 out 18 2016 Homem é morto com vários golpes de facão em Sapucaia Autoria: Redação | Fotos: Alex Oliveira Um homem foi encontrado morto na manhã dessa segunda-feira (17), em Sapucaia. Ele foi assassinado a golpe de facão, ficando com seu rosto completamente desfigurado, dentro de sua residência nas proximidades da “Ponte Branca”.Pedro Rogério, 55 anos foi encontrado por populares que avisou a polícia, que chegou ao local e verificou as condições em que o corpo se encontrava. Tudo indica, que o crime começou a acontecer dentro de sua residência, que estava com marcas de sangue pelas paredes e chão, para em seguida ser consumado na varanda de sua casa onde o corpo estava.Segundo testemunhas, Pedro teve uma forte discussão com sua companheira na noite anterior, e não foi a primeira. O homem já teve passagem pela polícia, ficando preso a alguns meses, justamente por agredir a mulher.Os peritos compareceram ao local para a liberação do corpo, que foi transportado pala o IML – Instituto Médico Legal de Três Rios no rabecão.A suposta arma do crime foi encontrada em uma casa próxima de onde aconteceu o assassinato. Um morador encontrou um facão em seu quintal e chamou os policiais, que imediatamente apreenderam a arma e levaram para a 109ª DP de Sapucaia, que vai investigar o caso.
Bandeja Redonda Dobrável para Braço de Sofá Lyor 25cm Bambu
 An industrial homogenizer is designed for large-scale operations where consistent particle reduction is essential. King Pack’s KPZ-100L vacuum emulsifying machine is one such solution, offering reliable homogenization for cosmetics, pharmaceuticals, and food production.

....................

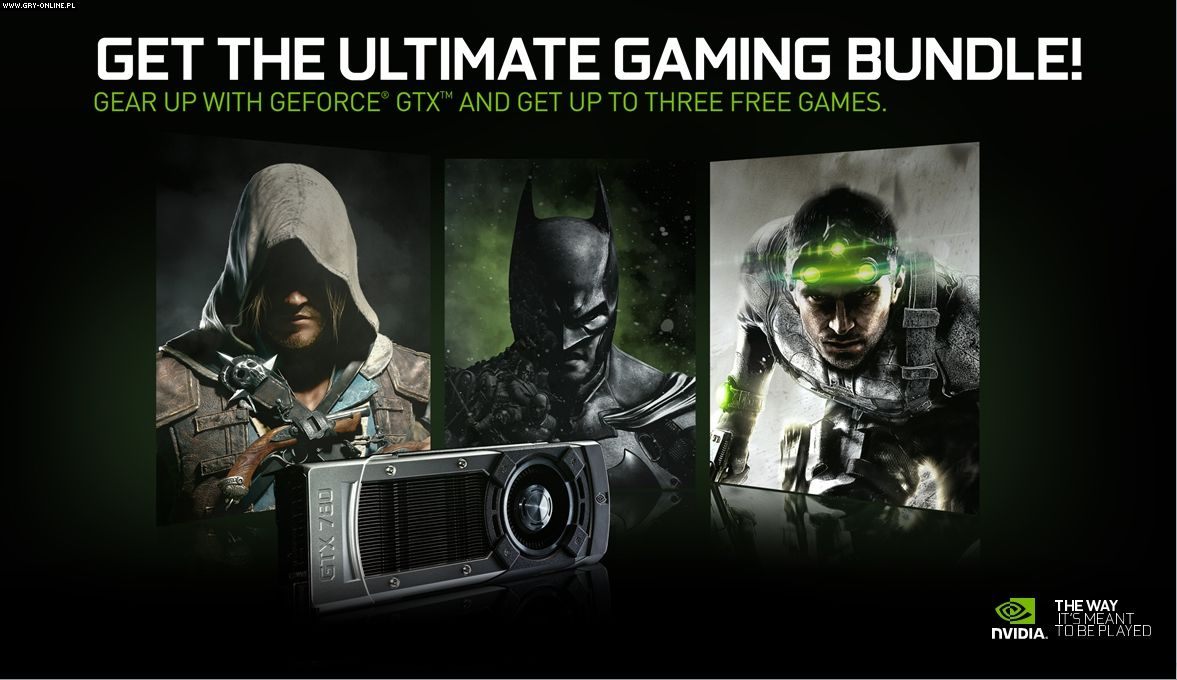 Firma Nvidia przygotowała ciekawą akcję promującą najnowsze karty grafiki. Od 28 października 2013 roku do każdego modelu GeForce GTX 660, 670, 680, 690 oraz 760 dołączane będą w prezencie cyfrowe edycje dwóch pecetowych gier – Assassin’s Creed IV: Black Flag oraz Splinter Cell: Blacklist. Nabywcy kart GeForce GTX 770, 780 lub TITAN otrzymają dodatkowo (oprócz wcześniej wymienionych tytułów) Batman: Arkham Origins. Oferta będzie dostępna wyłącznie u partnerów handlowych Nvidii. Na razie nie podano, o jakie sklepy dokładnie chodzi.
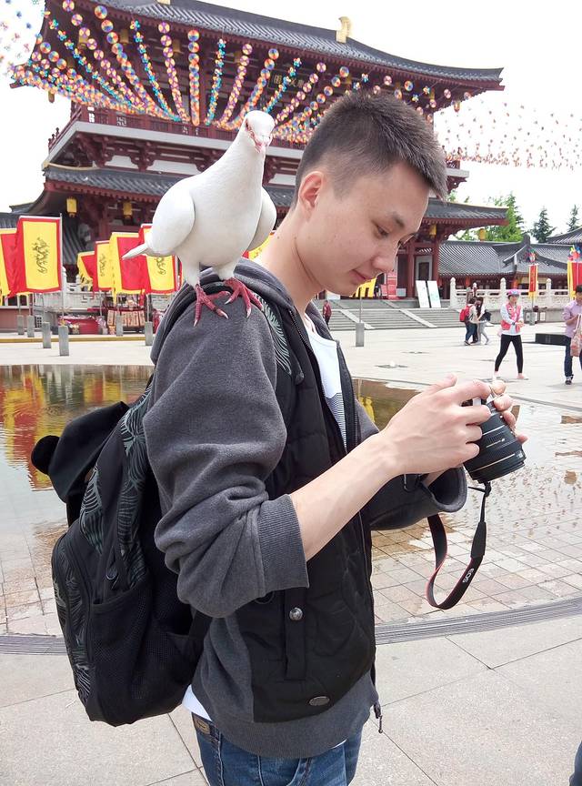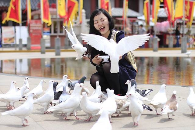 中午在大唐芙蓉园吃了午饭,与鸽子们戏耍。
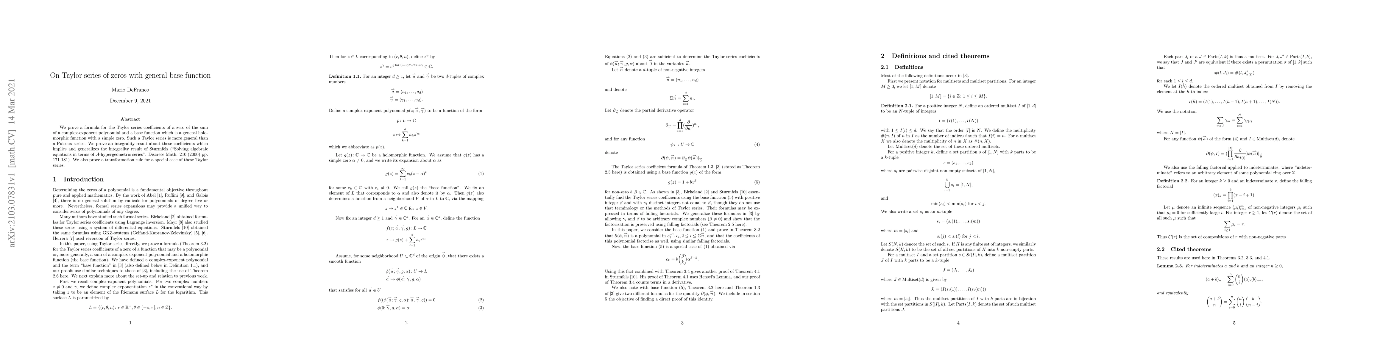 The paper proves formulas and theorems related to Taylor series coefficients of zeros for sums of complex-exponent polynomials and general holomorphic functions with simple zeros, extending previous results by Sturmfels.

....................

## To do
Above are the entries. Quote exactly the lines from the one bearing "out 18 2016" through the one bearing "An industrial homogenizer".

## Your response
 out 18 2016 Homem é morto com vários golpes de facão em Sapucaia Autoria: Redação | Fotos: Alex Oliveira Um homem foi encontrado morto na manhã dessa segunda-feira (17), em Sapucaia. Ele foi assassinado a golpe de facão, ficando com seu rosto completamente desfigurado, dentro de sua residência nas proximidades da “Ponte Branca”.Pedro Rogério, 55 anos foi encontrado por populares que avisou a polícia, que chegou ao local e verificou as condições em que o corpo se encontrava. Tudo indica, que o crime começou a acontecer dentro de sua residência, que estava com marcas de sangue pelas paredes e chão, para em seguida ser consumado na varanda de sua casa onde o corpo estava.Segundo testemunhas, Pedro teve uma forte discussão com sua companheira na noite anterior, e não foi a primeira. O homem já teve passagem pela polícia, ficando preso a alguns meses, justamente por agredir a mulher.Os peritos compareceram ao local para a liberação do corpo, que foi transportado pala o IML – Instituto Médico Legal de Três Rios no rabecão.A suposta arma do crime foi encontrada em uma casa próxima de onde aconteceu o assassinato. Um morador encontrou um facão em seu quintal e chamou os policiais, que imediatamente apreenderam a arma e levaram para a 109ª DP de Sapucaia, que vai investigar o caso.
Bandeja Redonda Dobrável para Braço de Sofá Lyor 25cm Bambu
 An industrial homogenizer is designed for large-scale operations where consistent particle reduction is essential. King Pack’s KPZ-100L vacuum emulsifying machine is one such solution, offering reliable homogenization for cosmetics, pharmaceuticals, and food production.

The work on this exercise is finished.